HARRISBURG, Pa. (WHTM) – The recent collapse of Silicon Valley Bank is having a ripple effect throughout financial industries in the United States.

Signature Bank in New York, along with Credit Suisse in Europe, also failed this week due to what financial experts call “contagion,” a term used when bank failures, like the one at SVB, spread as a result of economic uncertainty.

The widespread failures have prompted some Pennsylvanians to ask the question — “is my money safe?” The short answer is yes, as long as the bank account has $250,000 or less in it. Joint accounts are protected up to $500,000.

“It’s FDIC [Federal Deposit Insurance Corporation] insured, and your money is safe no matter if the bank defaults, or goes bankrupt,” said Alex Langan, a financial advisor at Langan Financial Group. “The U.S. government will step in and protect you so your money is safe.”

President Biden reiterated that promise Monday.

“Americans can have confidence that the banking system is safe,” Biden said at the White House. Your deposits will be there when you need them. Small businesses across the country with deposit accounts at these banks can breathe easier, knowing they’ll be able to pay their workers and pay their bills and their hard-working employees can breathe easier as well.”

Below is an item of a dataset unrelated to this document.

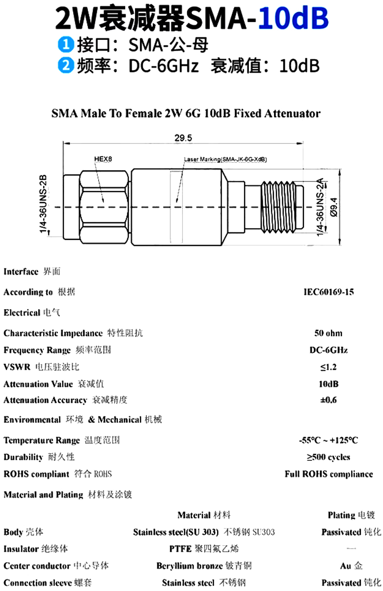 DC-6G固定衰減器10dB 不銹鋼2W SMA公轉母

Financial experts recommend that anyone who has over $250,000 in a single account remove the remainder of that money to a different financial institution(s). There’s also agreement this crisis will not be a repeat of 2008.

“I don’t see this as what’s known as contagion like we had in 2008,” said Robert E. Caplan, a retired investment advisor. “I think this is something we’re going to learn from.”